◆ **Given data**:
Start of Block
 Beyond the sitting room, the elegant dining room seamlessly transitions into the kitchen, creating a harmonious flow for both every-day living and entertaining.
End of Block
Start of Block
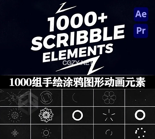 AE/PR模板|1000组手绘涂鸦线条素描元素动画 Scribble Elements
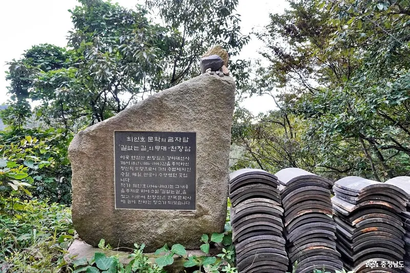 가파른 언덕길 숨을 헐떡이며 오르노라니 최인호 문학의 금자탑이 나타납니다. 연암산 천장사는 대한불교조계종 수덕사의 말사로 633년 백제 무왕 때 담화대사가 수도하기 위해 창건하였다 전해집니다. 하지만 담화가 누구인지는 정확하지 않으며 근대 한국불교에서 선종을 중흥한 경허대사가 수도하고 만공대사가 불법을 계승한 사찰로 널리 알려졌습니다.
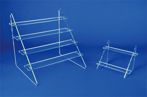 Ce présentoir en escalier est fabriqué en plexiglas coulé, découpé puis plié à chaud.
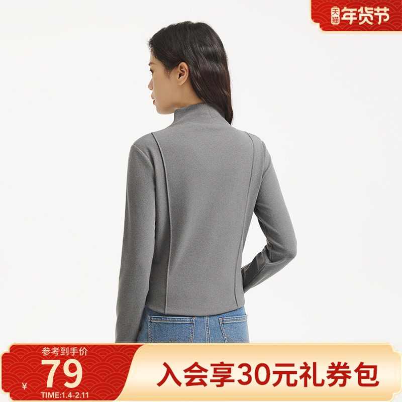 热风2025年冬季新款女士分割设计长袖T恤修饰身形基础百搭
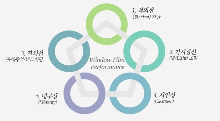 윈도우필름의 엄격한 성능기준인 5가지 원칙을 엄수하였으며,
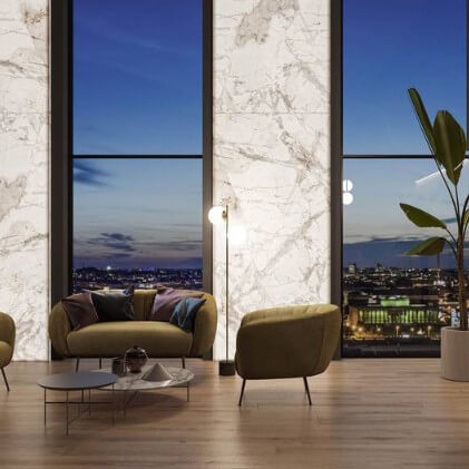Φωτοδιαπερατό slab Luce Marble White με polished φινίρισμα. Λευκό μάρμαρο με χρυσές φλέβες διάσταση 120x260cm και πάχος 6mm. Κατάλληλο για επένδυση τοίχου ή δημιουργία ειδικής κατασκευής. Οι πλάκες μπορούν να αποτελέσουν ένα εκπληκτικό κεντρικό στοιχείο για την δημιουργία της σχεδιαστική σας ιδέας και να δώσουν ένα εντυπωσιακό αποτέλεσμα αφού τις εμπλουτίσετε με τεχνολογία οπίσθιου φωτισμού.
End of Block
◆ **Problem details**: Would you copy, word for word, only the lines above from the one containing "热风2025年冬季新款女士分割设计长袖T恤修饰身形基础百搭" through the one containing "Φωτοδιαπερατό slab Luce", both included, and please leave out the pictures?

◆ **Exercise answer**:
 热风2025年冬季新款女士分割设计长袖T恤修饰身形基础百搭
 윈도우필름의 엄격한 성능기준인 5가지 원칙을 엄수하였으며,
Φωτοδιαπερατό slab Luce Marble White με polished φινίρισμα. Λευκό μάρμαρο με χρυσές φλέβες διάσταση 120x260cm και πάχος 6mm. Κατάλληλο για επένδυση τοίχου ή δημιουργία ειδικής κατασκευής. Οι πλάκες μπορούν να αποτελέσουν ένα εκπληκτικό κεντρικό στοιχείο για την δημιουργία της σχεδιαστική σας ιδέας και να δώσουν ένα εντυπωσιακό αποτέλεσμα αφού τις εμπλουτίσετε με τεχνολογία οπίσθιου φωτισμού.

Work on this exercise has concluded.